# Power series representation, I really need help :-]

1. Dec 1, 2007

### rocomath

[SOLVED] Power series representation, I really need help!!! :-]

please let me know if i did this correctly

$$f(x)=\arctan{(\frac{x}{3})}$$

$$f'(x)=\frac{\frac{1}{3}}{1-(-\frac{x^2}{3^2})}$$

$$\frac{1}{3}\int[\sum_{n=0}^{\infty}\frac{(-1)^{n}x^{2n}}{3^{2n}}]dx$$

$$\frac{1}{3}\int[1-(\frac{x}{3})^{2}+(\frac{x}{3})^{4}-(\frac{x}{3})^{6}+(\frac{x}{3})^{8}+...]dx$$

$$\frac{1}{3}[C+x-\frac{(\frac{x}{3})^{3}}{3}+\frac{(\frac{x}{3})^{5}}{5}-\frac{(\frac{x}{3})^{7}}{7}+\frac{(\frac{x}{3})^{9}}{9}]$$

$$C+\sum_{n=0}^{\infty}\frac{(-1)^{n}x^{2n+1}}{3^{2n+1}(2n+1)}$$

Last edited: Dec 1, 2007
2. Dec 1, 2007

### Avodyne

Yes, it's correct!
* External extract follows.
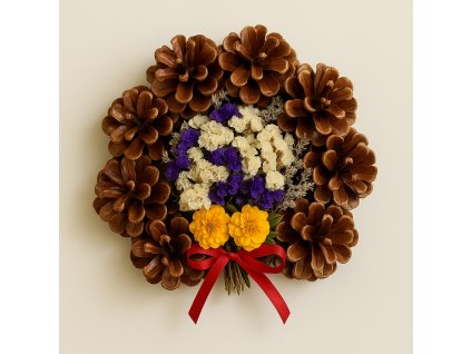 Věnec je tvořen ze šišek borovice černé, šišky jsou k sobě svázány drátem. Šišky jsou ve dvou řadách a jsou přelakovány. Věnec je zdobený a zabalen do celofánu.
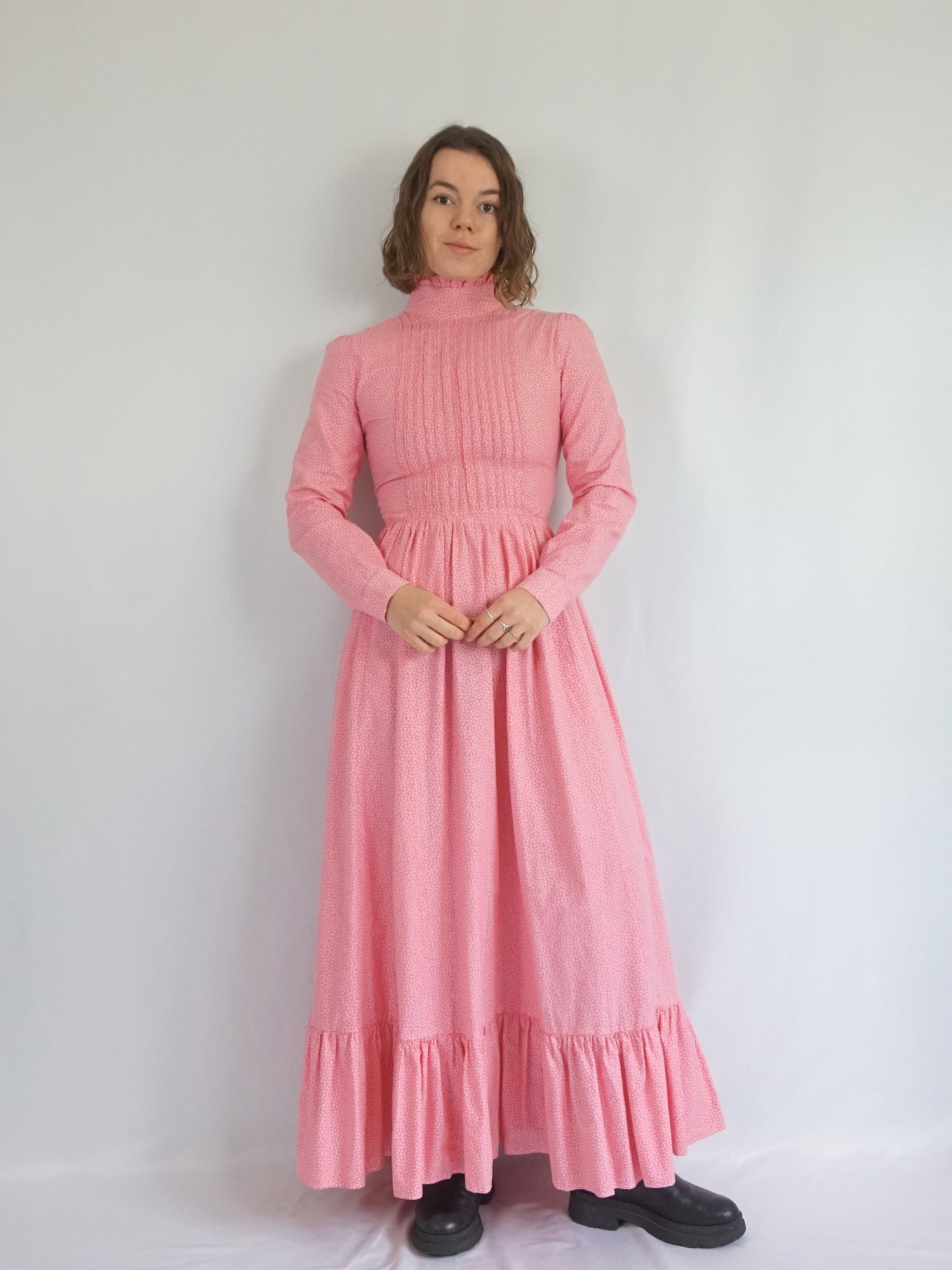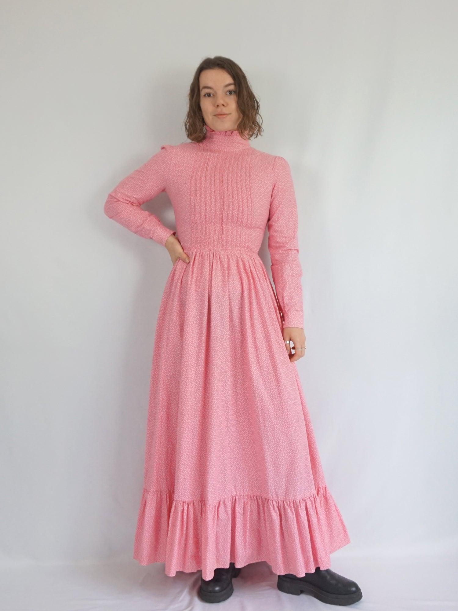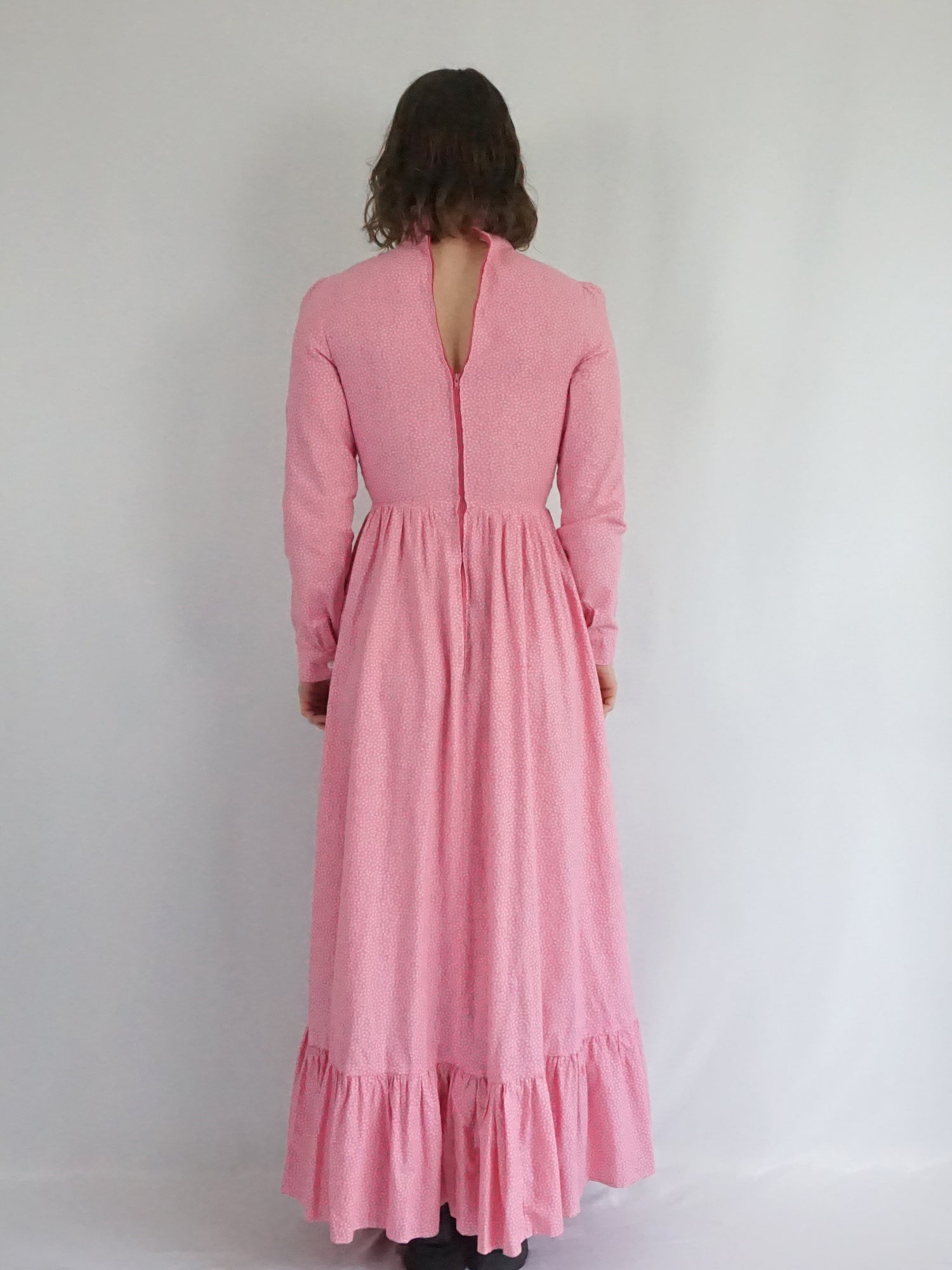 Vintage 70s Laura Ashley cotton prairie style maxi dress in pink with a ditsy floral print, long puff sleeves, pintuck detailing and a huge sweep on the skirt.

And of course, C=0.

To make Sigma bigger, use \sum instead of \Sigma:

$$C+\sum_{n=0}^{\infty}\frac{(-1)^{n}x^{2n+1}}{3^{2n+1}(2n+1)}$$

3. Dec 2, 2007

### rocomath

NO WAY!!! woohoo :-] Thanks, I really appreciate it. This concept is really weird to me, but I'm trying my best.